> What you need to do:
This exercise calls for the whole listing to be given again exactly, without images.

> Data extract:

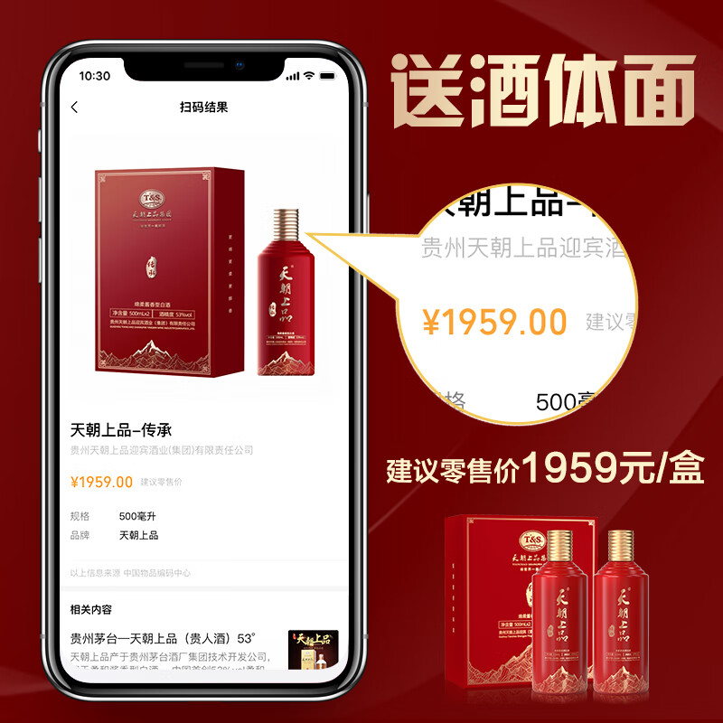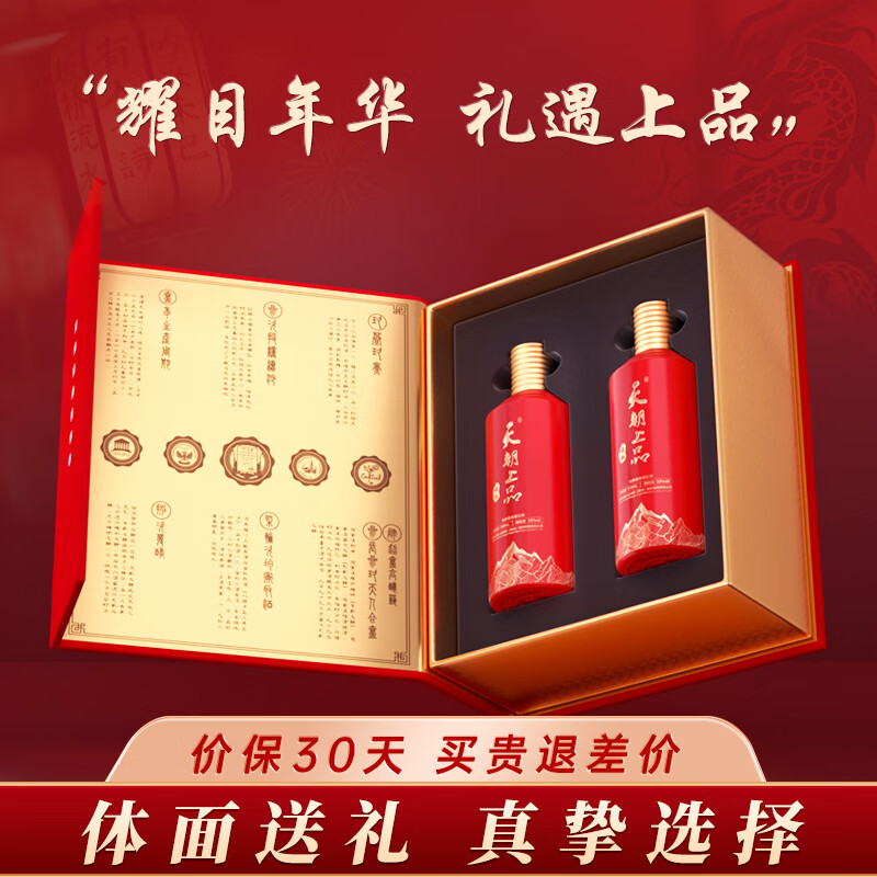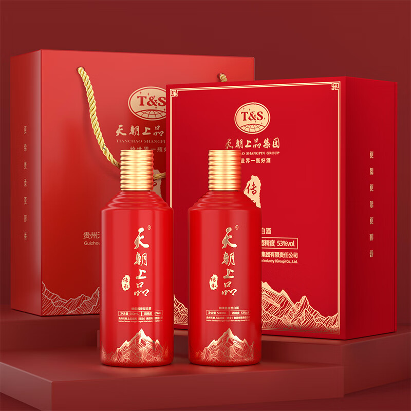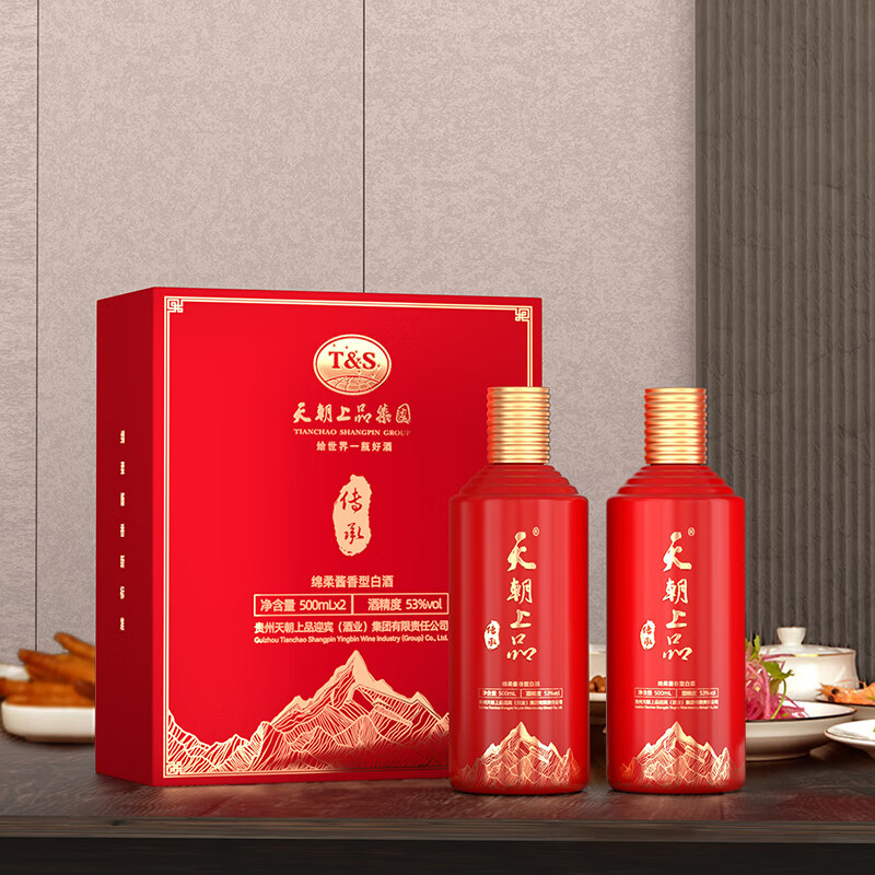 天朝上品传承礼盒 绵柔酱香型白酒 53度500ml*2瓶礼盒装 送礼精选价格:149.00元!
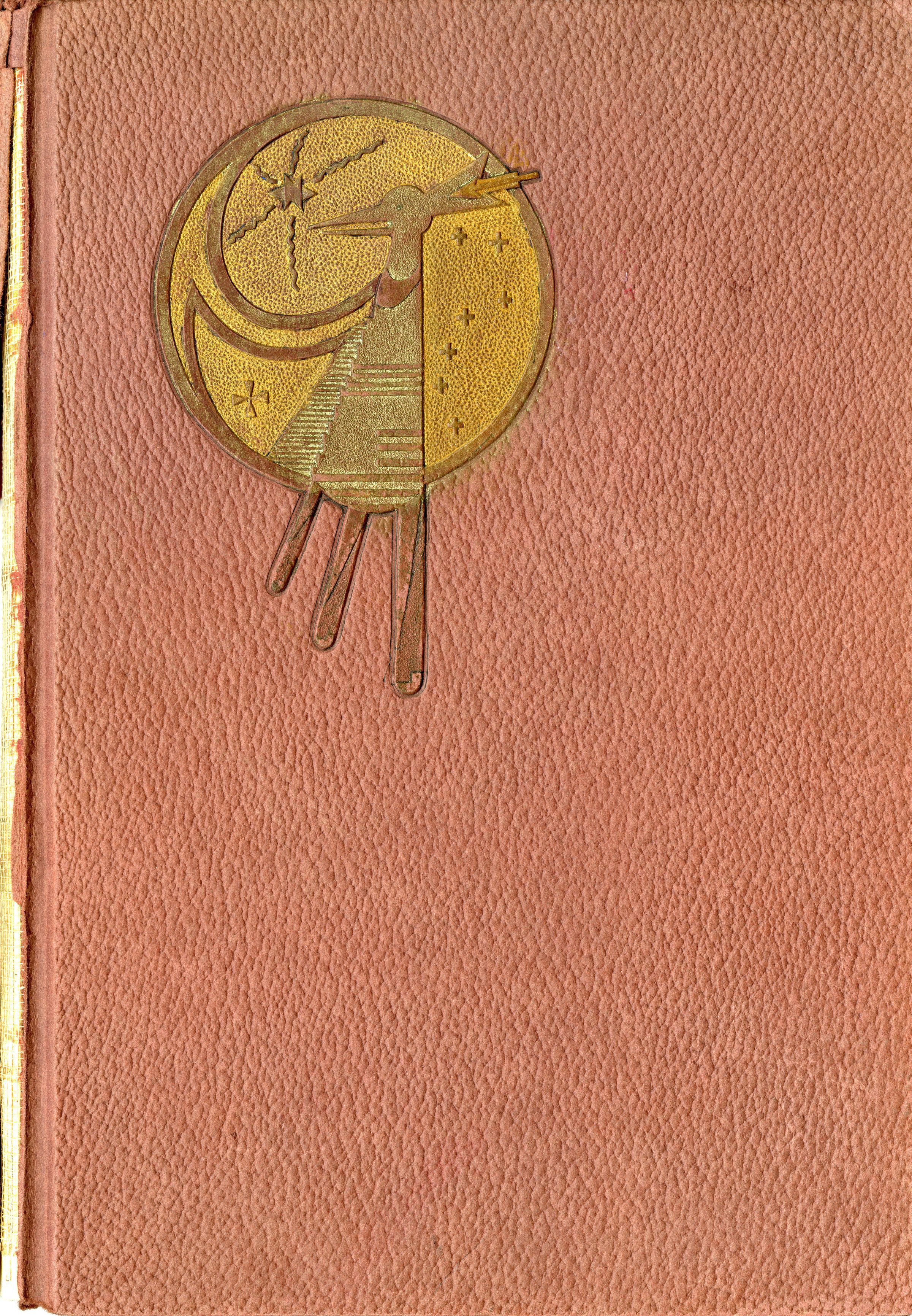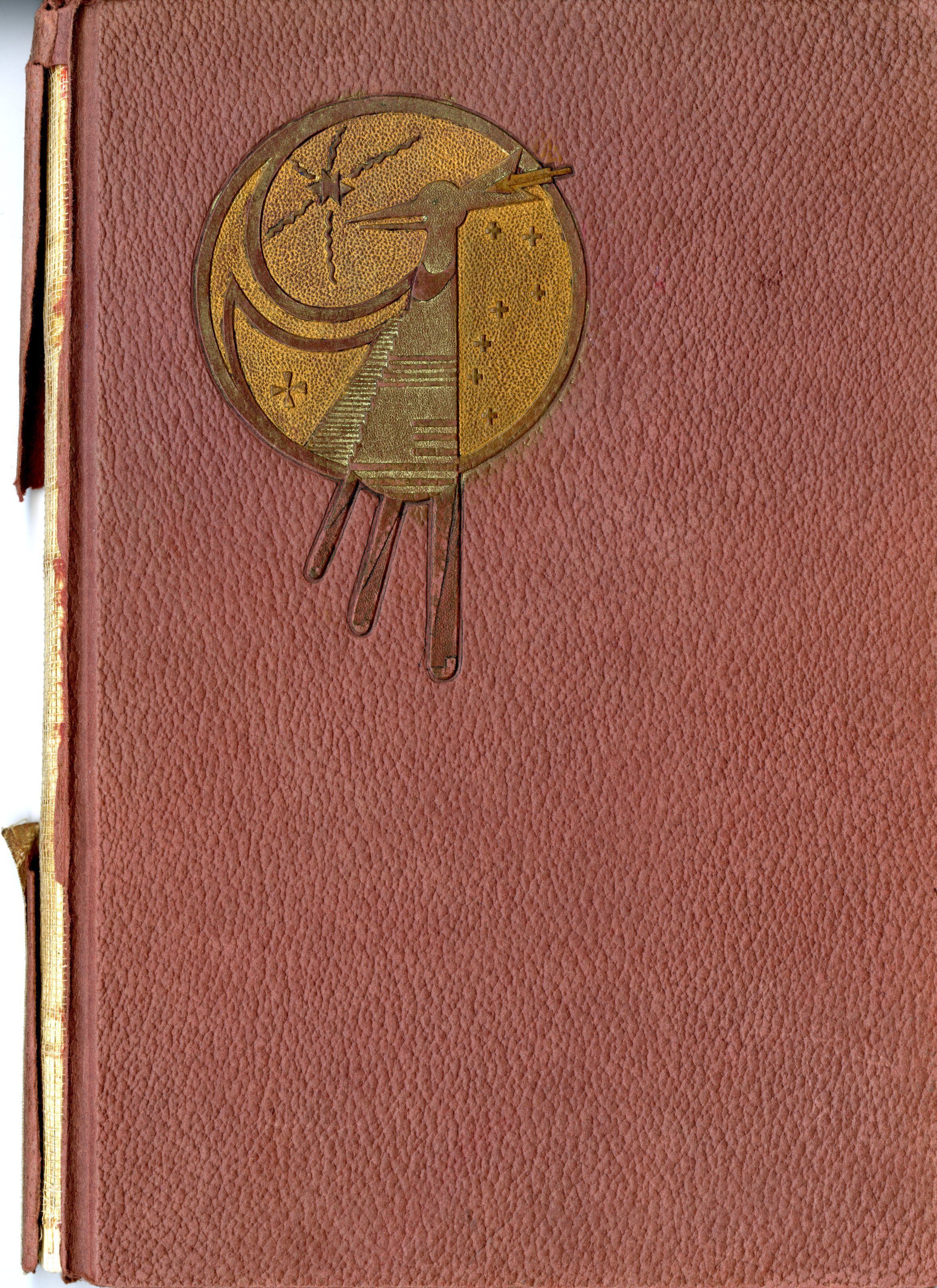 A yearbook from North High School in Denver, "The Viking," that belonged to Broomfield resident Ella Mitze, 1927. The book is 7.5" x 11", hardcover. The cover has a textured, raised image of a bird-like figure, the sun, and stars molded or stamped onto it in gold coloration, likely depicting a Hopi Man-Eagle as described in the book's introductory pages. The theme of the yearbook is the rite of passage for young Hopi men, as compared to high school students' academic careers. Several images in the book also pertain to this theme, including a round Native American design in the inside cover. Ella Mitze's name is inscribed within the inside cover image.
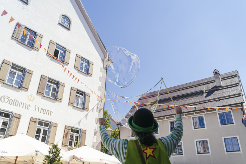 Das „Schmecktakel“ wird nicht nur durch kulinarische Genüsse geprägt, sondern auch durch ein vielfältiges Unterhaltungsprogramm für die ganze Familie. Handgemachte Musik, Straßenkünstler und Schausteller sorgen für eine ausgelassene Stimmung. Während die einen sich durch die Köstlichkeiten probieren, können die anderen sich von der faszinierenden Kombination aus Hochrad-Performance, Riesenseifenblasen, Ballonentertainment und Shows verzaubern lassen. Auch die kleinen Gäste können sich bei der Hüpfburg und am Kinderkarussell austoben.
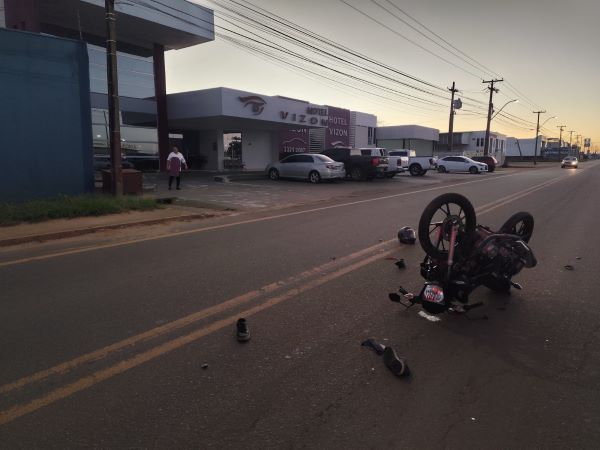 Na manhã desta terça-feira, 8 de julho, um acidente de trânsito foi registrado na Avenida Celso Mazutti, em Vilhena, nas proximidades do Hotel Vizon, envolvendo uma motocicleta e uma carreta.
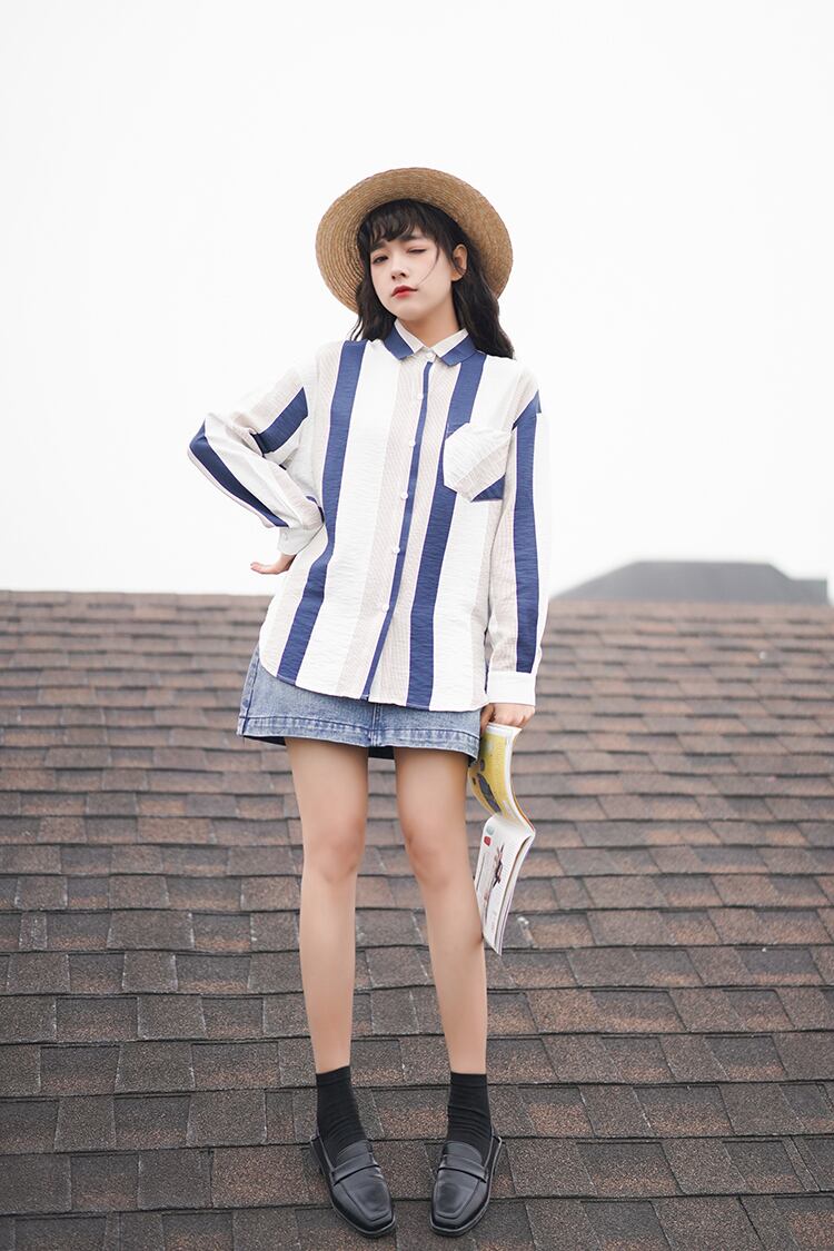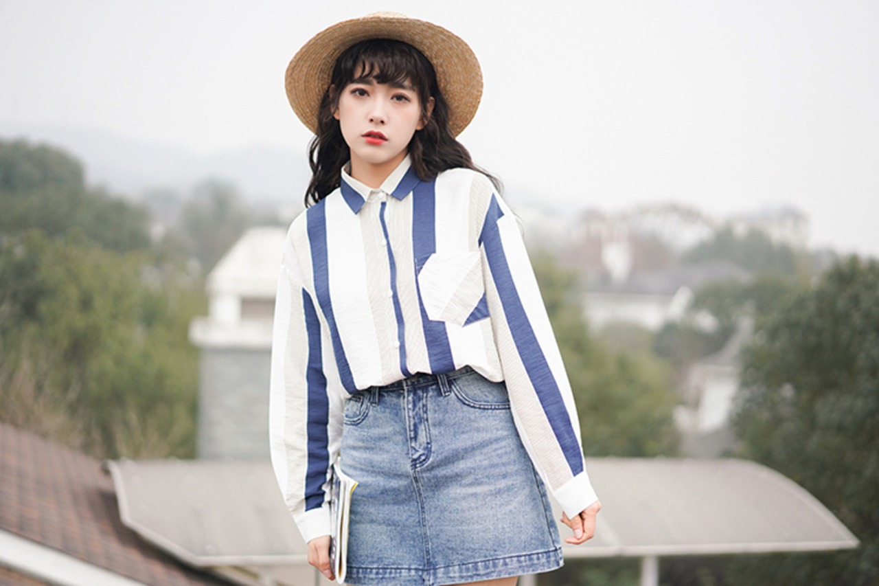 不均等なストライプ柄がとってもお洒落なトレンドライクなシャツ☆
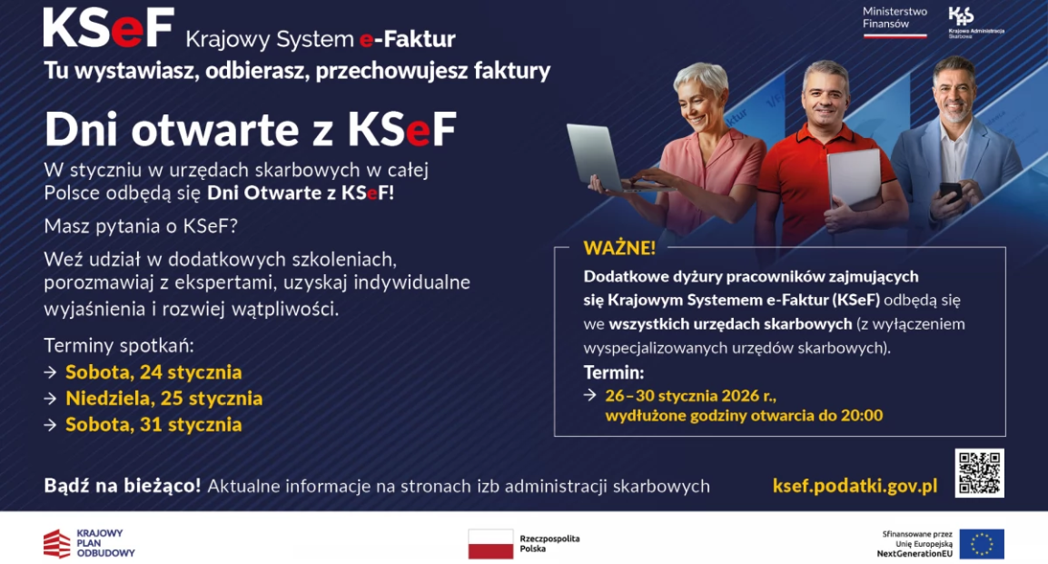 Additionally, from January 26 to January 30, 2026, the working hours of tax offices, excluding specialized offices, will be extended until 8:00 p.m. During these extended hours, on-duty employees will provide information about KSeF and explain the key steps needed to prepare for using the system.

> Result of this task:
 天朝上品传承礼盒 绵柔酱香型白酒 53度500ml*2瓶礼盒装 送礼精选价格:149.00元!
 A yearbook from North High School in Denver, "The Viking," that belonged to Broomfield resident Ella Mitze, 1927. The book is 7.5" x 11", hardcover. The cover has a textured, raised image of a bird-like figure, the sun, and stars molded or stamped onto it in gold coloration, likely depicting a Hopi Man-Eagle as described in the book's introductory pages. The theme of the yearbook is the rite of passage for young Hopi men, as compared to high school students' academic careers. Several images in the book also pertain to this theme, including a round Native American design in the inside cover. Ella Mitze's name is inscribed within the inside cover image.
 Das „Schmecktakel“ wird nicht nur durch kulinarische Genüsse geprägt, sondern auch durch ein vielfältiges Unterhaltungsprogramm für die ganze Familie. Handgemachte Musik, Straßenkünstler und Schausteller sorgen für eine ausgelassene Stimmung. Während die einen sich durch die Köstlichkeiten probieren, können die anderen sich von der faszinierenden Kombination aus Hochrad-Performance, Riesenseifenblasen, Ballonentertainment und Shows verzaubern lassen. Auch die kleinen Gäste können sich bei der Hüpfburg und am Kinderkarussell austoben.
 Na manhã desta terça-feira, 8 de julho, um acidente de trânsito foi registrado na Avenida Celso Mazutti, em Vilhena, nas proximidades do Hotel Vizon, envolvendo uma motocicleta e uma carreta.
 不均等なストライプ柄がとってもお洒落なトレンドライクなシャツ☆
 Additionally, from January 26 to January 30, 2026, the working hours of tax offices, excluding specialized offices, will be extended until 8:00 p.m. During these extended hours, on-duty employees will provide information about KSeF and explain the key steps needed to prepare for using the system.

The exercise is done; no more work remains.